WHAT THE TASK REQUIRES: Copy out the entries exactly, and wherever a picture appears, leave it out.

THE RECORDS:
---

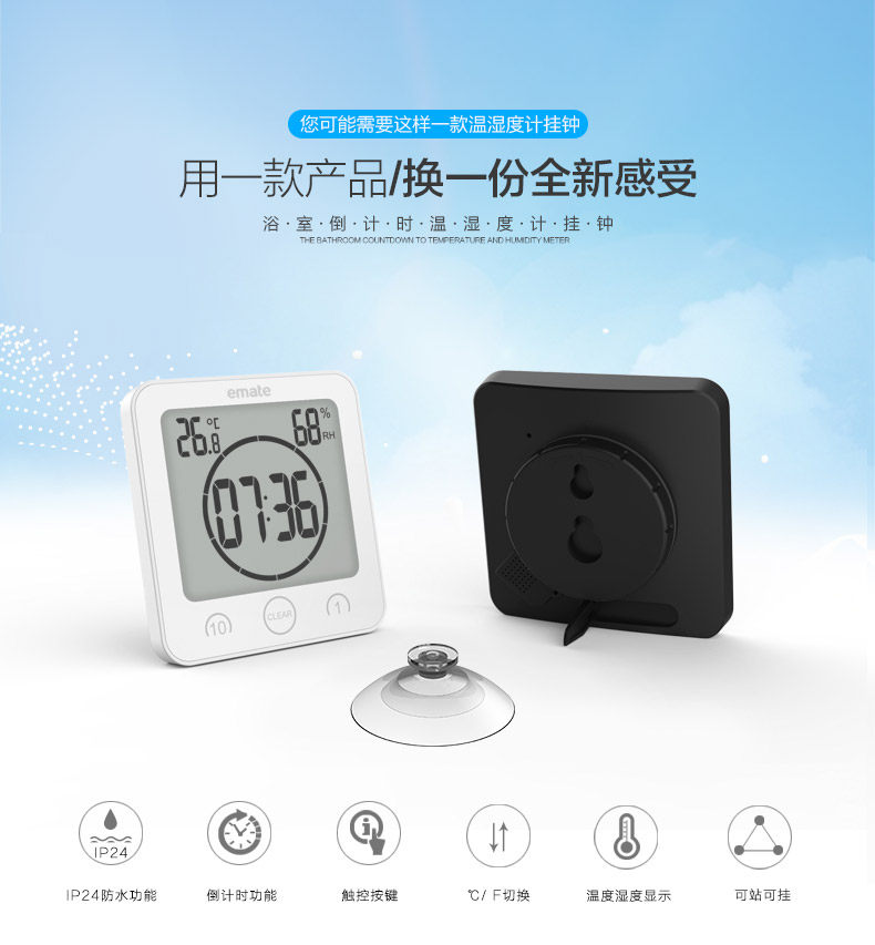 Yimei Special Want Electronic Wanging Tempret, температура и влажность обратный отсчет, тихий анти -ффо, водонепроницаемые часы всасывания кухни.
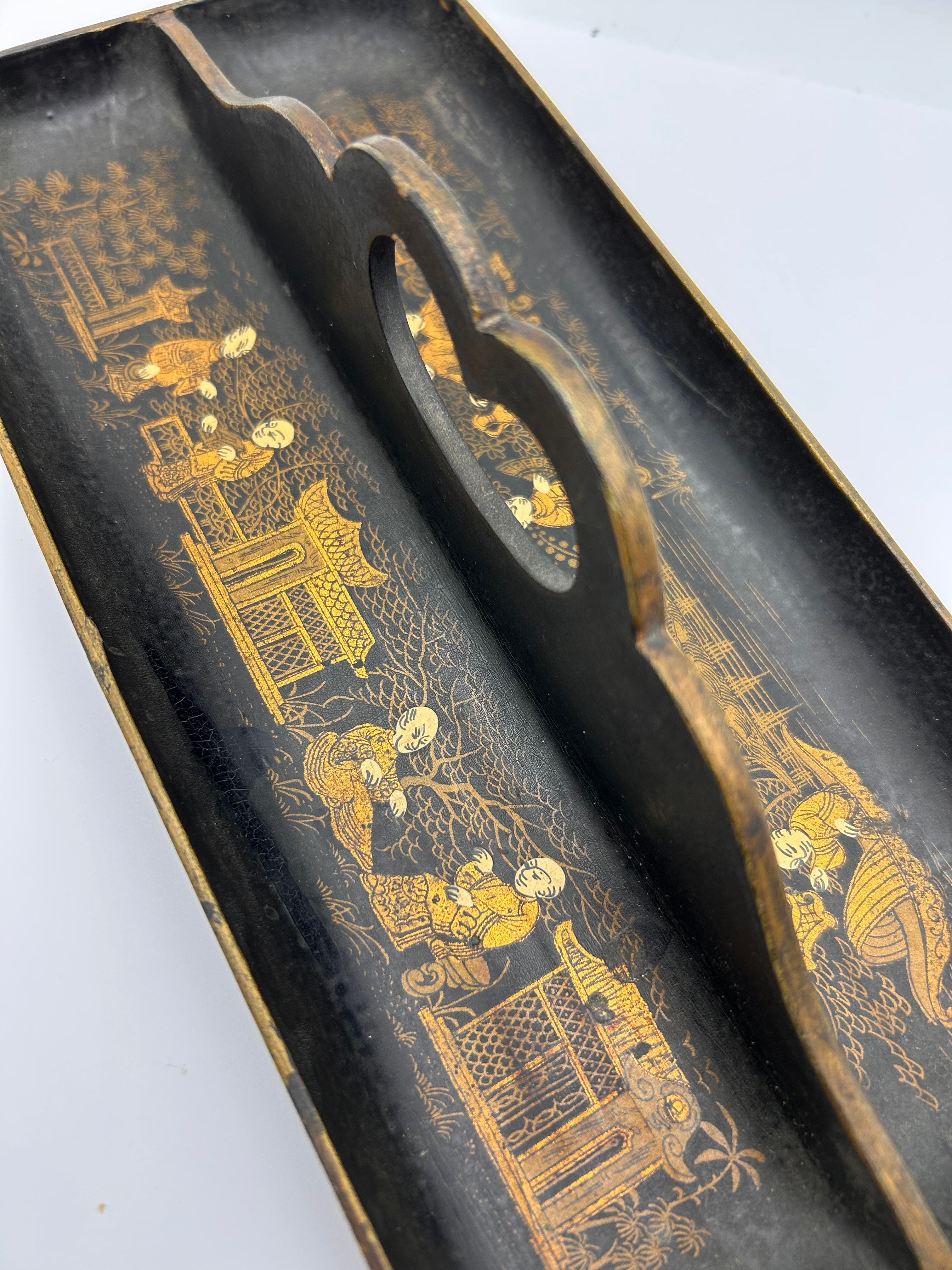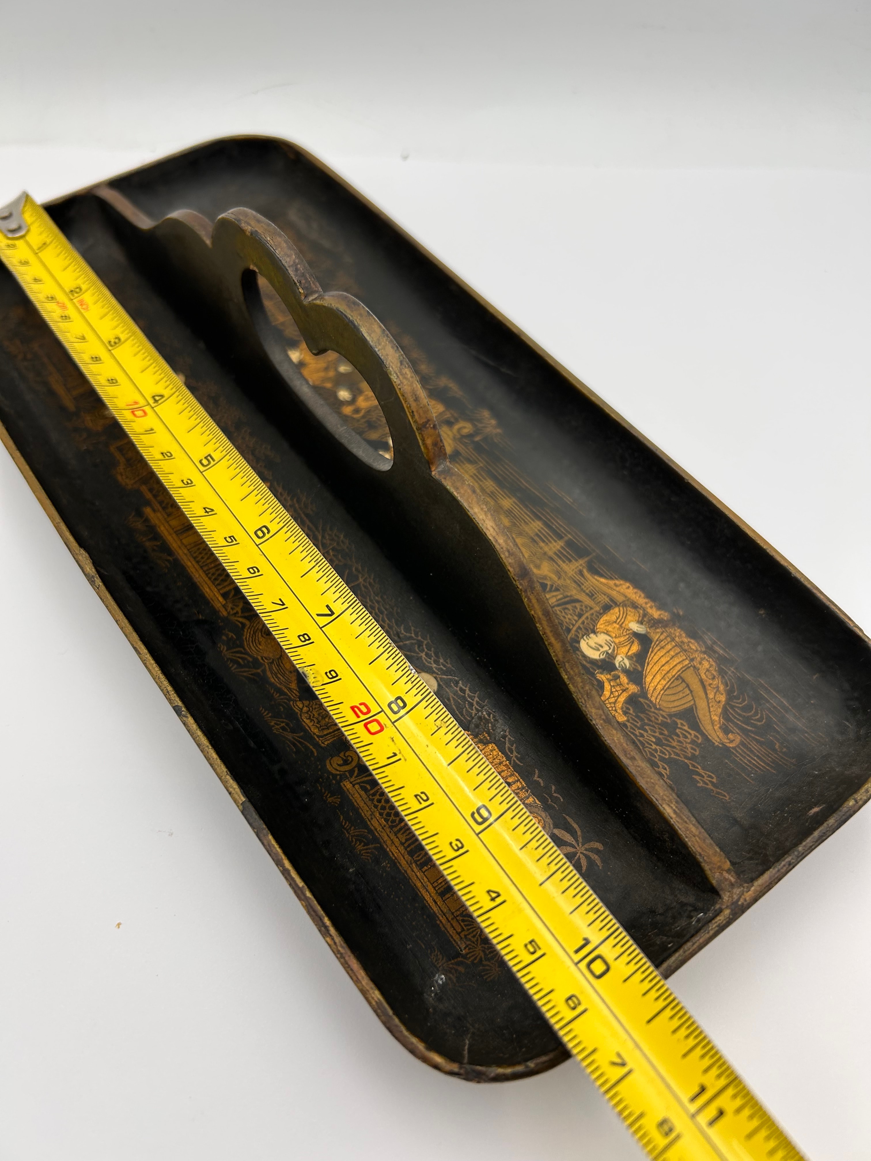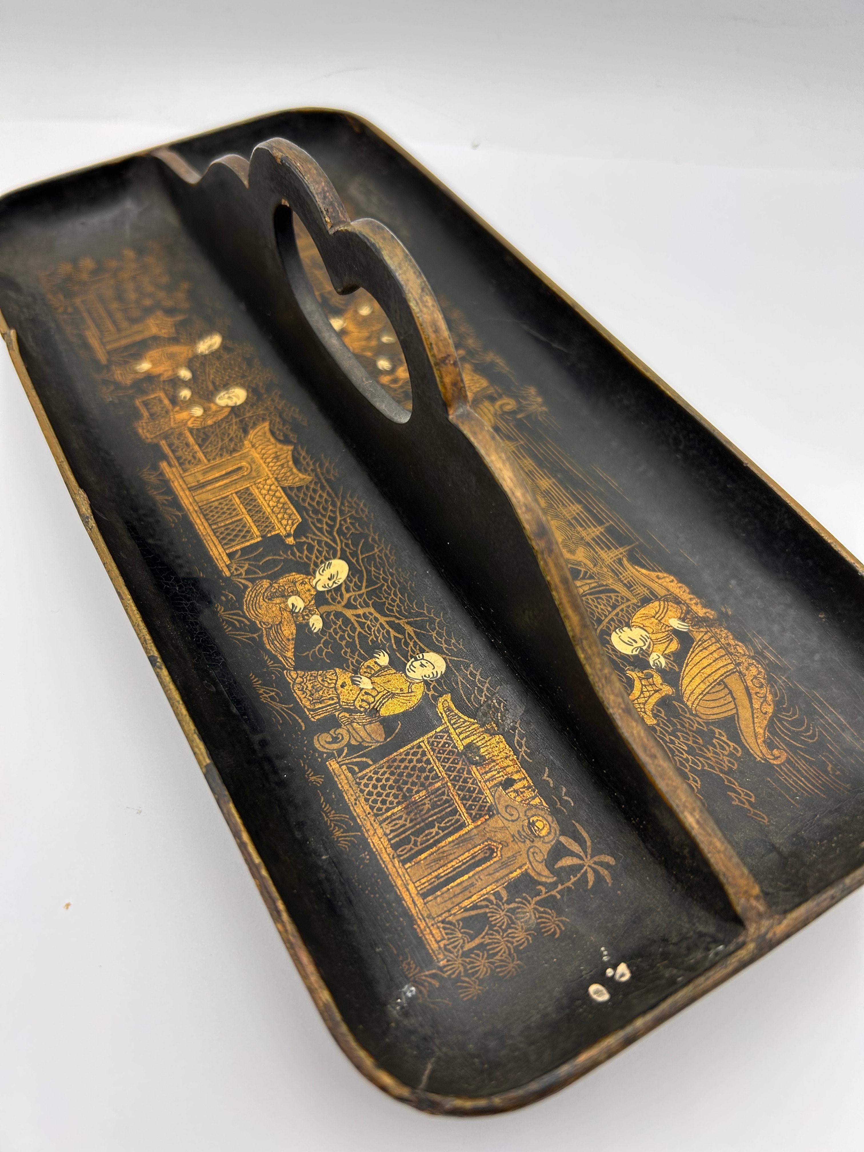 An antique Mid-19th Century Chinese Export Chinoiserie papier-mâché double pen tray. This rectangular, dual-compartment tray features a central, stylized heart-shaped handle. It is decorated in a traditional East Asian style with intricate gold-colored scenes depicting figures, architecture, and landscapes against a black ground. No discernible text or maker’s marks are visible.
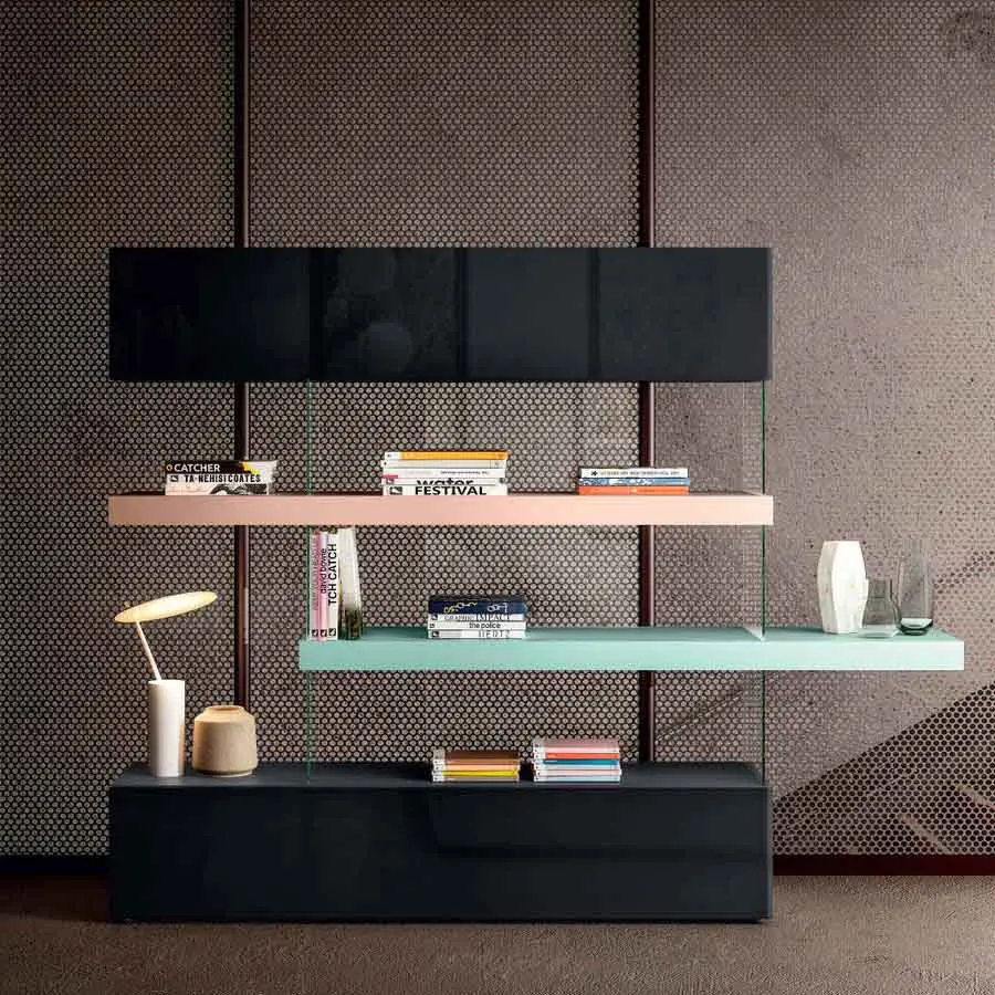 Una relectura del espacio que cambia la relación entre lleno y vacío. La librería Air suspendida sobre apoyos en cristal parece flotar en el aire, dejando pasar la luz y regalando una sensación de extrema ligereza al ambiente. Los estantes y los almacenadores están fijados al cristal mediante un trabajado a encaje, que garantiza máxima seguridad y estabilidad a la estructura. Libre de vínculos dimensionales y posicionable en el centro de la habitación, la librería se integra en la arquitectura existente, convirtiéndose en una pared que subdivide los espacios con armonía.
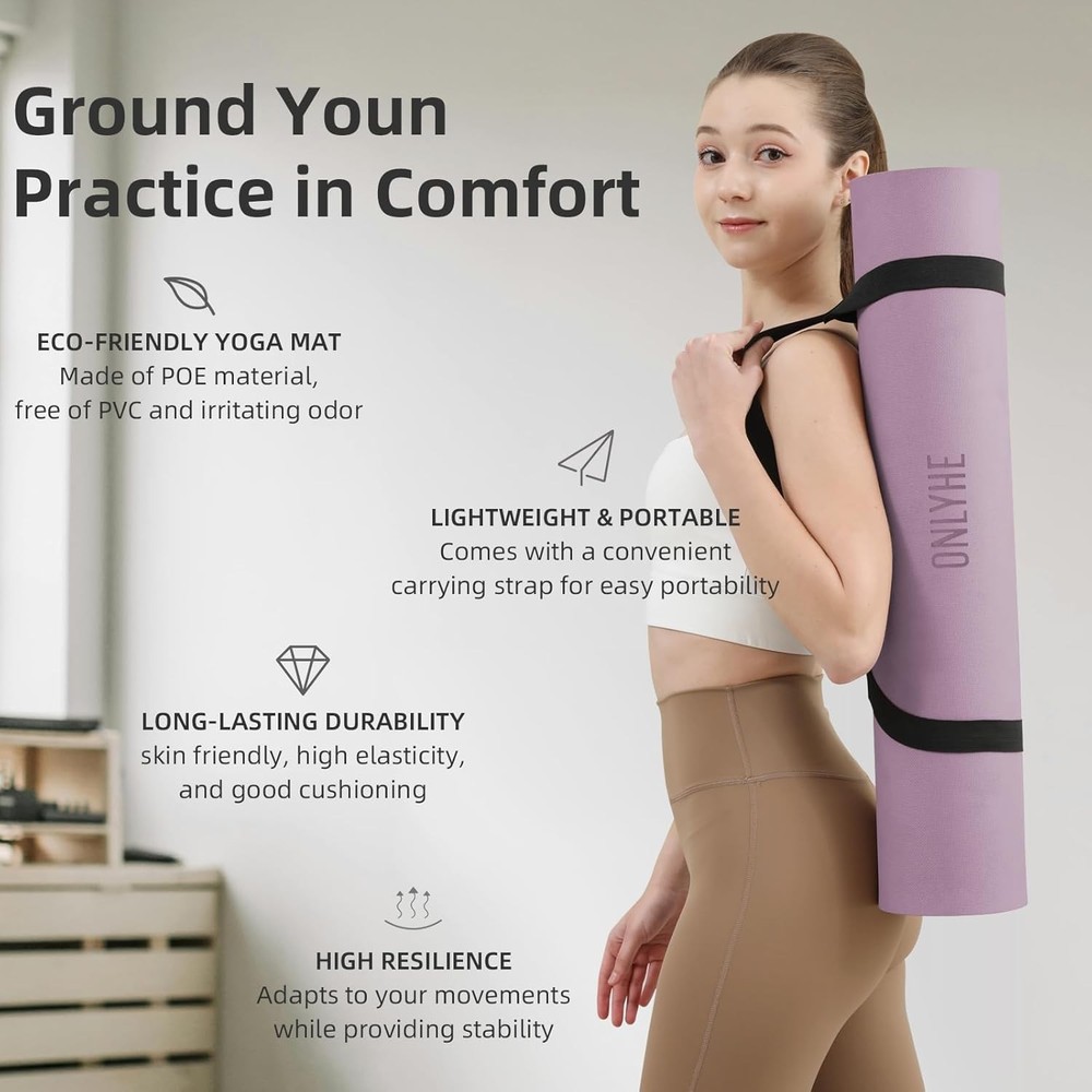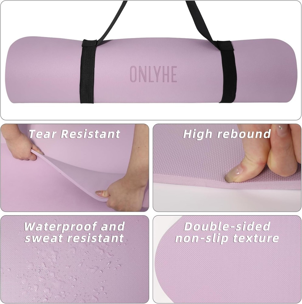 1. This yoga mat is a game-changer! The extra width and thick cushioning make every workout so comfortable—no more sore knees or slipping during tough poses. The grip is amazing, even when I'm sweating, and it's surprisingly lightweight for how sturdy it feels. Perfect for yoga, Pilates, or any floor exercise. Highly recommend for anyone who wants support and stability!
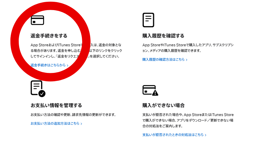 各ストア・キャリアの公式窓口で返金申請
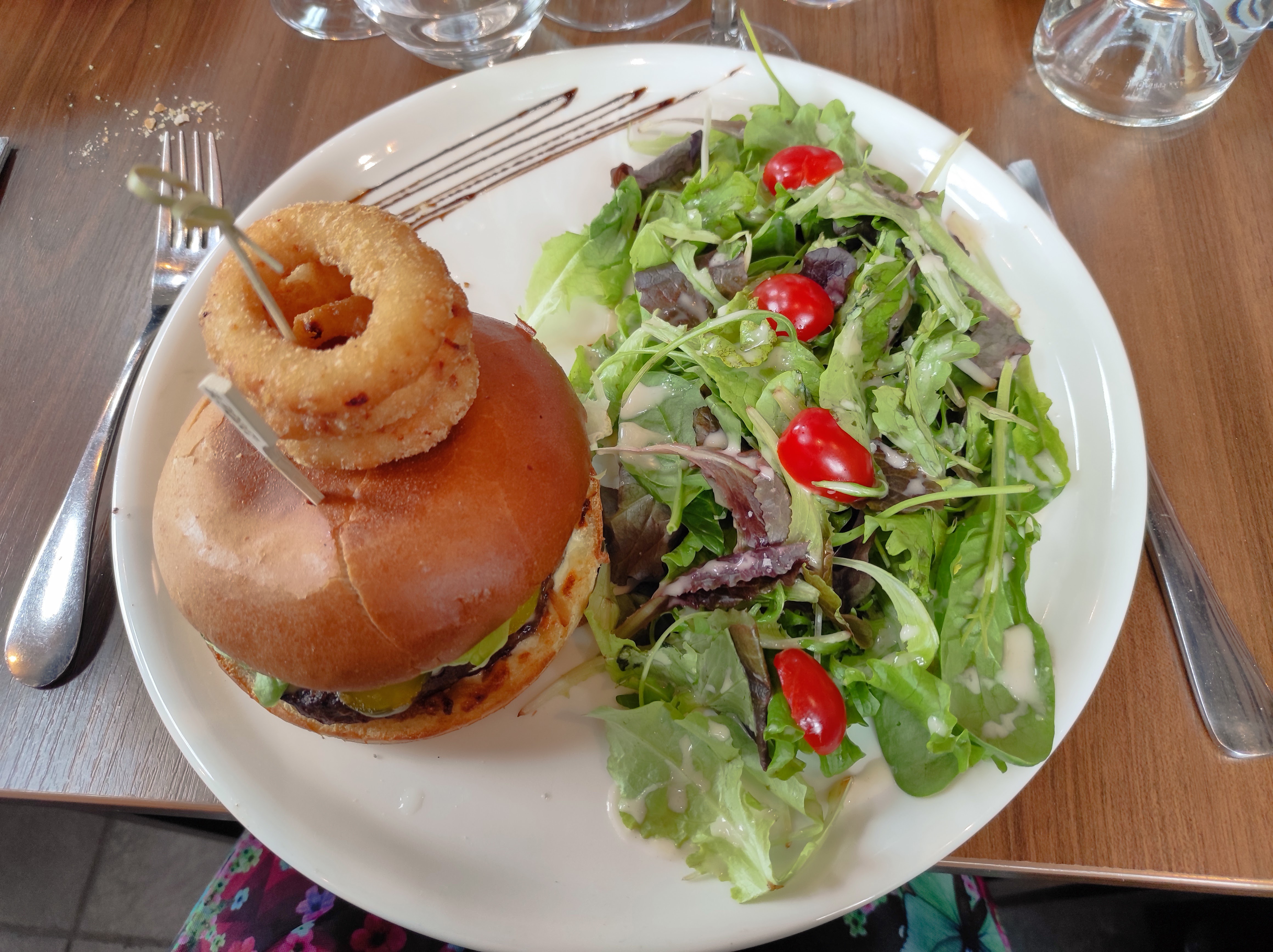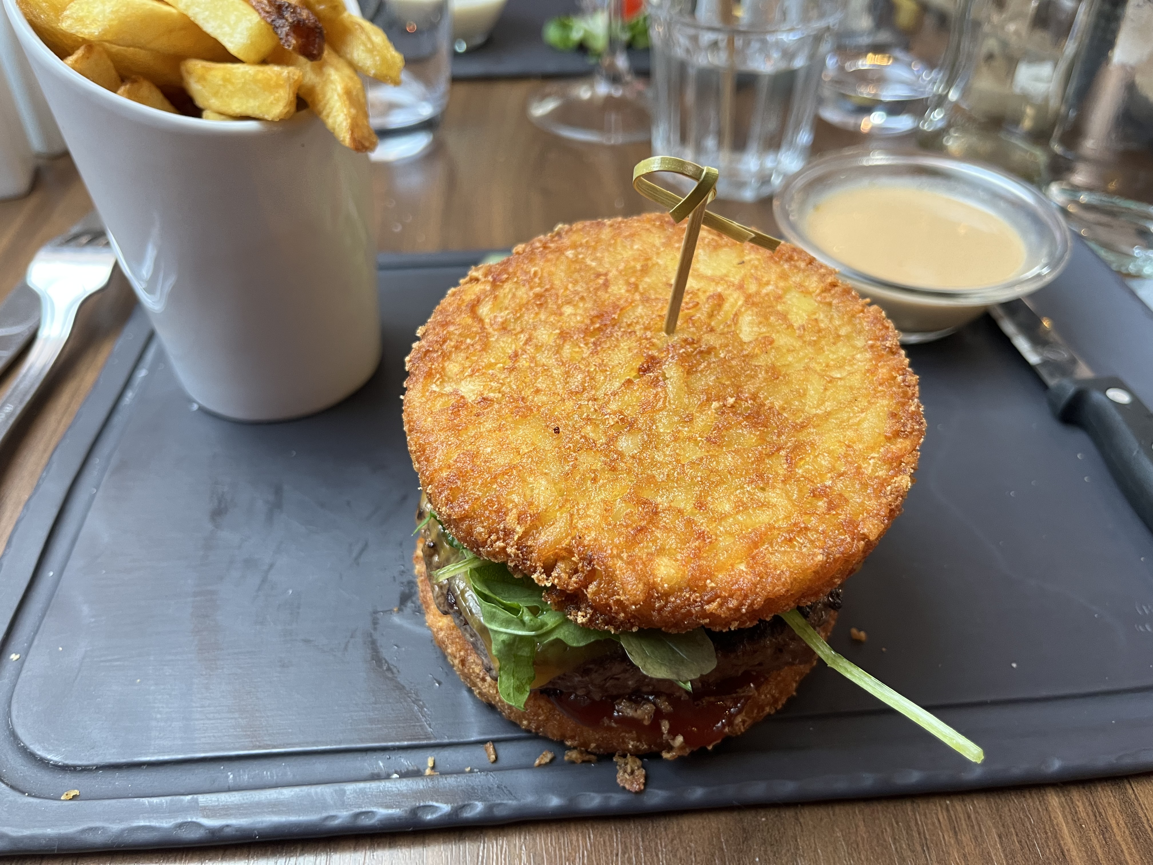 Le personnel était très sympathique et nous avons eu la chance d'avoir une table pour 2 sans réservation ! Nous avons pris le hamburger végétarien et le steak-frites. Les deux étaient des portions généreuses et savoureuses. Les desserts étaient très coquins avec beaucoup de crème chantilly ! Un vrai régal.

---

TASK OUTPUT:
 Yimei Special Want Electronic Wanging Tempret, температура и влажность обратный отсчет, тихий анти -ффо, водонепроницаемые часы всасывания кухни.
 An antique Mid-19th Century Chinese Export Chinoiserie papier-mâché double pen tray. This rectangular, dual-compartment tray features a central, stylized heart-shaped handle. It is decorated in a traditional East Asian style with intricate gold-colored scenes depicting figures, architecture, and landscapes against a black ground. No discernible text or maker’s marks are visible.
 Una relectura del espacio que cambia la relación entre lleno y vacío. La librería Air suspendida sobre apoyos en cristal parece flotar en el aire, dejando pasar la luz y regalando una sensación de extrema ligereza al ambiente. Los estantes y los almacenadores están fijados al cristal mediante un trabajado a encaje, que garantiza máxima seguridad y estabilidad a la estructura. Libre de vínculos dimensionales y posicionable en el centro de la habitación, la librería se integra en la arquitectura existente, convirtiéndose en una pared que subdivide los espacios con armonía.
 1. This yoga mat is a game-changer! The extra width and thick cushioning make every workout so comfortable—no more sore knees or slipping during tough poses. The grip is amazing, even when I'm sweating, and it's surprisingly lightweight for how sturdy it feels. Perfect for yoga, Pilates, or any floor exercise. Highly recommend for anyone who wants support and stability!
 各ストア・キャリアの公式窓口で返金申請
 Le personnel était très sympathique et nous avons eu la chance d'avoir une table pour 2 sans réservation ! Nous avons pris le hamburger végétarien et le steak-frites. Les deux étaient des portions généreuses et savoureuses. Les desserts étaient très coquins avec beaucoup de crème chantilly ! Un vrai régal.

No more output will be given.